START Data for this exercise

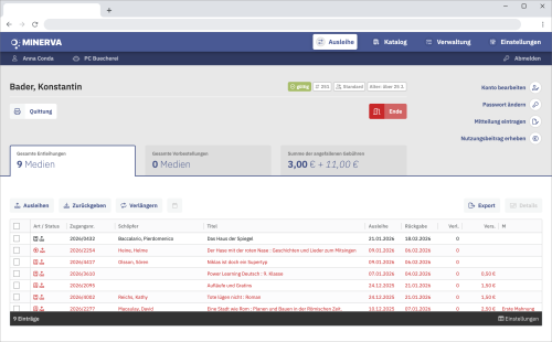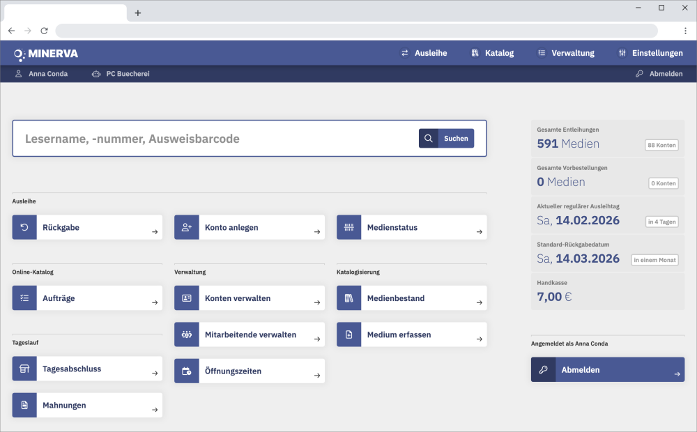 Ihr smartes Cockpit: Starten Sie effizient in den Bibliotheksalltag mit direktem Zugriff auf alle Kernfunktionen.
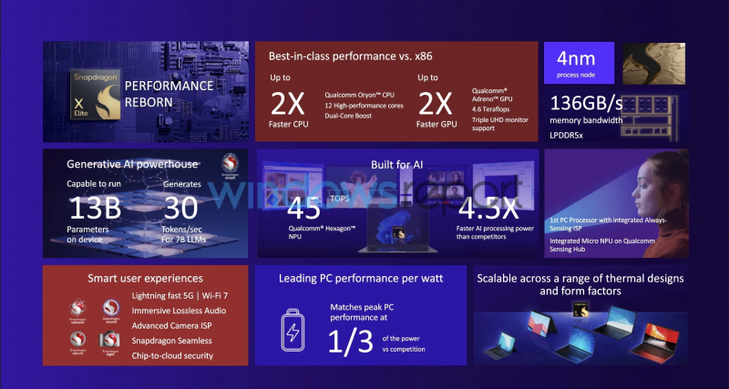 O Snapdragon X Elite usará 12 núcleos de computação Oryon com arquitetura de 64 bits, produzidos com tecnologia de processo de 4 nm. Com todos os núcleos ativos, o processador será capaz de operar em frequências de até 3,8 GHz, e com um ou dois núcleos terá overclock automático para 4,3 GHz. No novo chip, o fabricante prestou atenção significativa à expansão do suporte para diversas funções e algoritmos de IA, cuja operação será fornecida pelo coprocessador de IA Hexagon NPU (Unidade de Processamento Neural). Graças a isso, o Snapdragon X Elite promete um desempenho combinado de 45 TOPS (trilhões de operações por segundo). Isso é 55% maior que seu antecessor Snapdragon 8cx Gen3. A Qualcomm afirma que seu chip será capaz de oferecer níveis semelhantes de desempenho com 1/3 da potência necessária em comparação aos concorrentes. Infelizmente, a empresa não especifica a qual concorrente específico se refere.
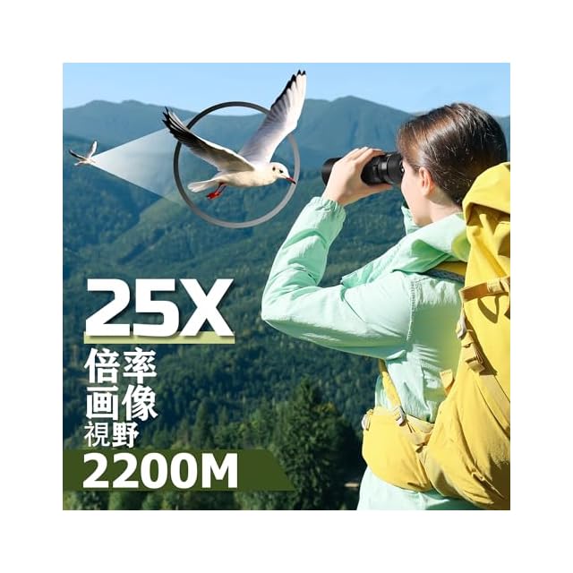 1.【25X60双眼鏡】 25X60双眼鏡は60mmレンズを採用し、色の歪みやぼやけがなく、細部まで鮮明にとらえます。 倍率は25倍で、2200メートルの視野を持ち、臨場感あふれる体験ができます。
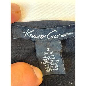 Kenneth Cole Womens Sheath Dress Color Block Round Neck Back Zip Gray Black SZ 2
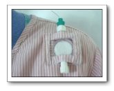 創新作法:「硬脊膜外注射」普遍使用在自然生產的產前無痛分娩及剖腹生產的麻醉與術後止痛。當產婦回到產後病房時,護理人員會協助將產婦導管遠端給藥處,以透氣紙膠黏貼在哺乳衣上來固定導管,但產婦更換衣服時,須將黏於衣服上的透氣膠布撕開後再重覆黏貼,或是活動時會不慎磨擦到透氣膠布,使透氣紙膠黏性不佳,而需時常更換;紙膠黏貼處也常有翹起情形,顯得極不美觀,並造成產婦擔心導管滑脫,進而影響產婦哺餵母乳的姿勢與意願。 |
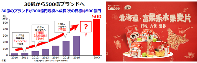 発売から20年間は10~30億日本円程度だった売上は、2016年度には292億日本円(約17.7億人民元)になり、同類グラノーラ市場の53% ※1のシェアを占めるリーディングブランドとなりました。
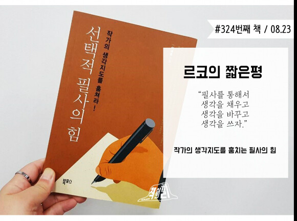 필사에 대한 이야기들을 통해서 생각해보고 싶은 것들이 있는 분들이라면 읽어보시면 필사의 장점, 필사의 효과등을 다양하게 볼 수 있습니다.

END Data for this exercise

A faithful copy of every entry is needed, omitting each image.

 Ihr smartes Cockpit: Starten Sie effizient in den Bibliotheksalltag mit direktem Zugriff auf alle Kernfunktionen.
 O Snapdragon X Elite usará 12 núcleos de computação Oryon com arquitetura de 64 bits, produzidos com tecnologia de processo de 4 nm. Com todos os núcleos ativos, o processador será capaz de operar em frequências de até 3,8 GHz, e com um ou dois núcleos terá overclock automático para 4,3 GHz. No novo chip, o fabricante prestou atenção significativa à expansão do suporte para diversas funções e algoritmos de IA, cuja operação será fornecida pelo coprocessador de IA Hexagon NPU (Unidade de Processamento Neural). Graças a isso, o Snapdragon X Elite promete um desempenho combinado de 45 TOPS (trilhões de operações por segundo). Isso é 55% maior que seu antecessor Snapdragon 8cx Gen3. A Qualcomm afirma que seu chip será capaz de oferecer níveis semelhantes de desempenho com 1/3 da potência necessária em comparação aos concorrentes. Infelizmente, a empresa não especifica a qual concorrente específico se refere.
 1.【25X60双眼鏡】 25X60双眼鏡は60mmレンズを採用し、色の歪みやぼやけがなく、細部まで鮮明にとらえます。 倍率は25倍で、2200メートルの視野を持ち、臨場感あふれる体験ができます。
 Kenneth Cole Womens Sheath Dress Color Block Round Neck Back Zip Gray Black SZ 2
 創新作法:「硬脊膜外注射」普遍使用在自然生產的產前無痛分娩及剖腹生產的麻醉與術後止痛。當產婦回到產後病房時,護理人員會協助將產婦導管遠端給藥處,以透氣紙膠黏貼在哺乳衣上來固定導管,但產婦更換衣服時,須將黏於衣服上的透氣膠布撕開後再重覆黏貼,或是活動時會不慎磨擦到透氣膠布,使透氣紙膠黏性不佳,而需時常更換;紙膠黏貼處也常有翹起情形,顯得極不美觀,並造成產婦擔心導管滑脫,進而影響產婦哺餵母乳的姿勢與意願。 |
 発売から20年間は10~30億日本円程度だった売上は、2016年度には292億日本円(約17.7億人民元)になり、同類グラノーラ市場の53% ※1のシェアを占めるリーディングブランドとなりました。
 필사에 대한 이야기들을 통해서 생각해보고 싶은 것들이 있는 분들이라면 읽어보시면 필사의 장점, 필사의 효과등을 다양하게 볼 수 있습니다.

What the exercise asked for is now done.